**** EXTRACTED INFORMATION

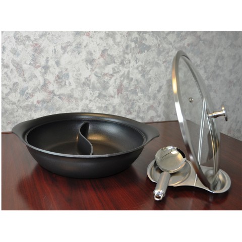 Motif Casserole Pan, 3-3/4 qt., 12" dia. x 3-1/4" deep, divided, round, with tempered glass cover, Teflon® non-stick and QuanTanium® interior, coated stainless steel induction base, two-ply exterior, constructed of cast aluminum with ceramic reinforced finish, titanium (Stock Item)
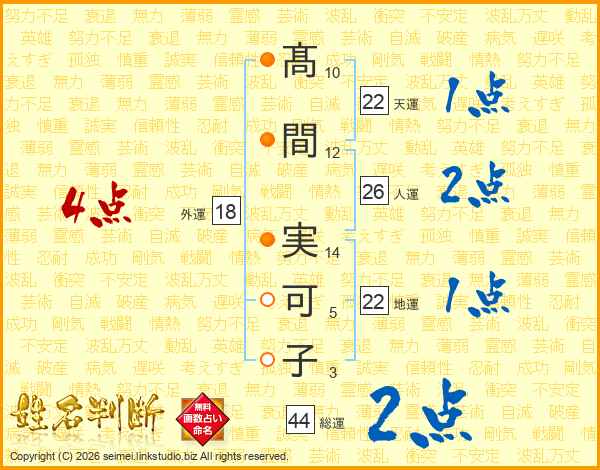 髙(10画)間(12画) 実(14画)可(5画)子(3画)
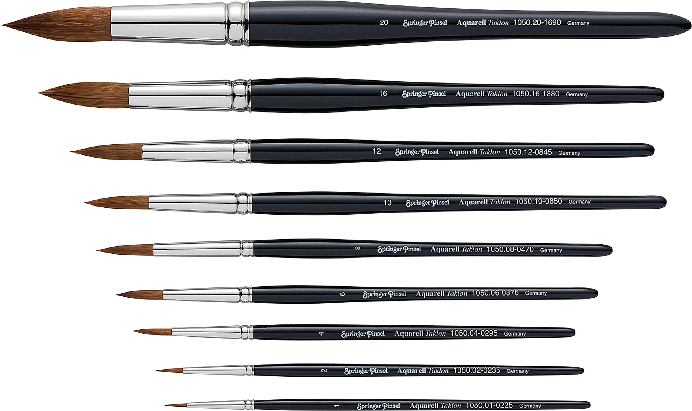 Aquarellpinsel mit synthetischem Taklon-Besatz. Die braune Faser hat eine hohe Farbaufnahmekapazität und ist ideal für die Arbeit mit sehr flüssiger Farbe geeignet. Beim Malen wird diese gleichmäßig abgegeben. Die exakt gearbeitete Spitze ist bei guter Pflege besonders formstabil. Mit Silberzwinge und schwarz lackiertem Holzstiel.
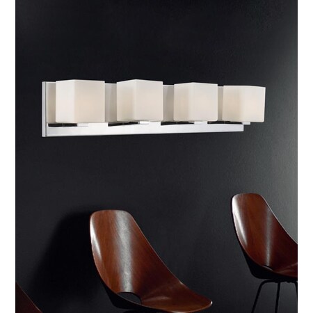 Need a stylish bathroom lighting? Choose the Satin Nickle 4 Light Wall Sconce. This 26 inch long bathroom sconce ticks all the boxes in terms of quality, design, brightness, and style. It has a durable metal hardware in satin nickel finish. The off white boxy glass shades effectively deliver a nice glow. The neat and elegant profile makes this wall light suitable for different interior design schemes.
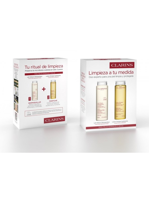 Cofre Limpieza Pieles Normales a Secas – Hidratación y Confort Diario El Cofre de Limpieza Clarins para pieles normales a secas es el dúo perfecto para una limpieza eficaz y respetuosa con la piel. Su combinación de Leche Desmaquillante y Loción Tónica Hidratante elimina impurezas, nutre y refresca, dejando la piel suave, limpia y confortable. Ideal para quienes buscan un ritual de limpieza que mantenga la hidratación natural del rostro. ✔ Leche Desmaquillante (200ml) – Fórmula cremosa que elimina maquillaje e impurezas sin resecar, respetando el equilibrio de la piel. ✔ Loción Tónica Hidratante (200ml) – Tónico sin alcohol que calma, refresca e hidrata, preparando la piel para los tratamientos posteriores.
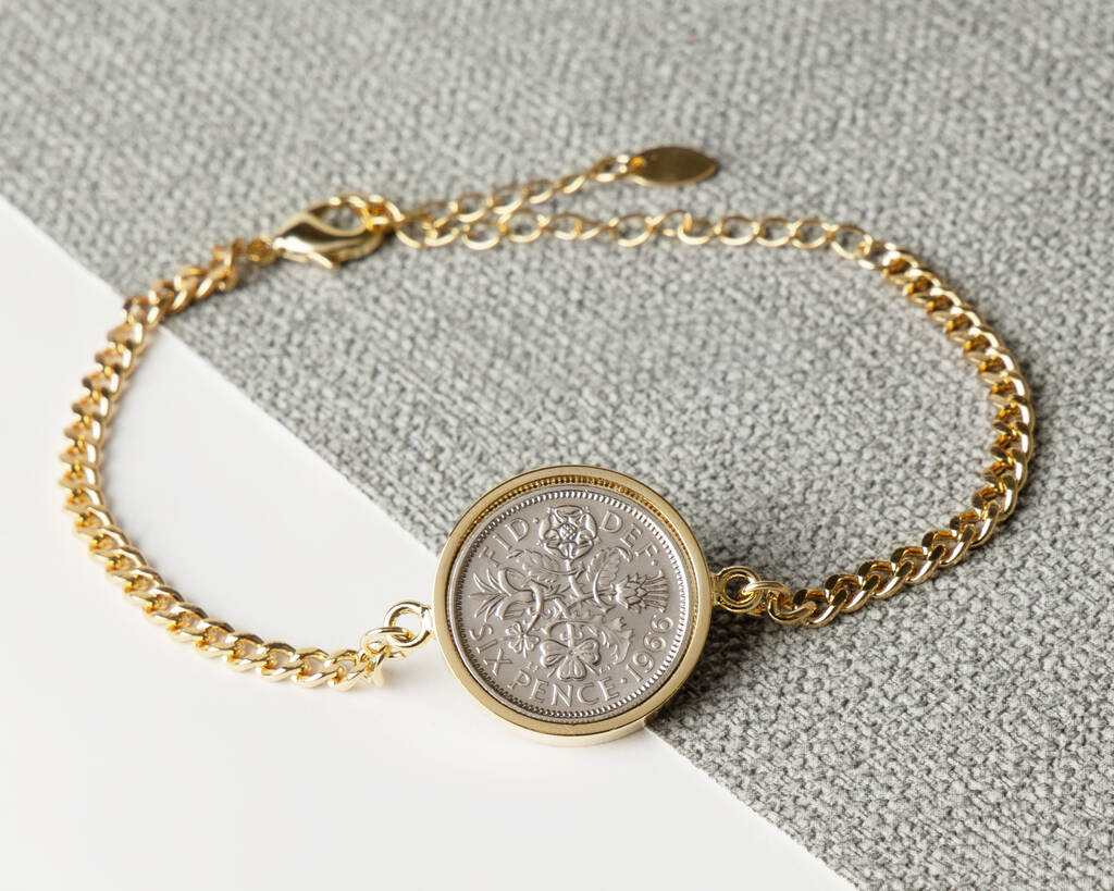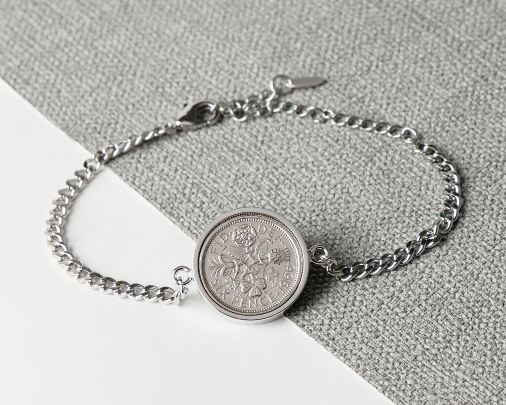 1966 60th Birthday Sixpence Coin Chain Bracelet

********

EXERCISE GOAL –
Quote exactly, and only, the lines from the one containing "Need a stylish" through the last line of the records above, both included; leave out any pictures.

OUTPUT OF THE TASK –
 Need a stylish bathroom lighting? Choose the Satin Nickle 4 Light Wall Sconce. This 26 inch long bathroom sconce ticks all the boxes in terms of quality, design, brightness, and style. It has a durable metal hardware in satin nickel finish. The off white boxy glass shades effectively deliver a nice glow. The neat and elegant profile makes this wall light suitable for different interior design schemes.
 Cofre Limpieza Pieles Normales a Secas – Hidratación y Confort Diario El Cofre de Limpieza Clarins para pieles normales a secas es el dúo perfecto para una limpieza eficaz y respetuosa con la piel. Su combinación de Leche Desmaquillante y Loción Tónica Hidratante elimina impurezas, nutre y refresca, dejando la piel suave, limpia y confortable. Ideal para quienes buscan un ritual de limpieza que mantenga la hidratación natural del rostro. ✔ Leche Desmaquillante (200ml) – Fórmula cremosa que elimina maquillaje e impurezas sin resecar, respetando el equilibrio de la piel. ✔ Loción Tónica Hidratante (200ml) – Tónico sin alcohol que calma, refresca e hidrata, preparando la piel para los tratamientos posteriores.
 1966 60th Birthday Sixpence Coin Chain Bracelet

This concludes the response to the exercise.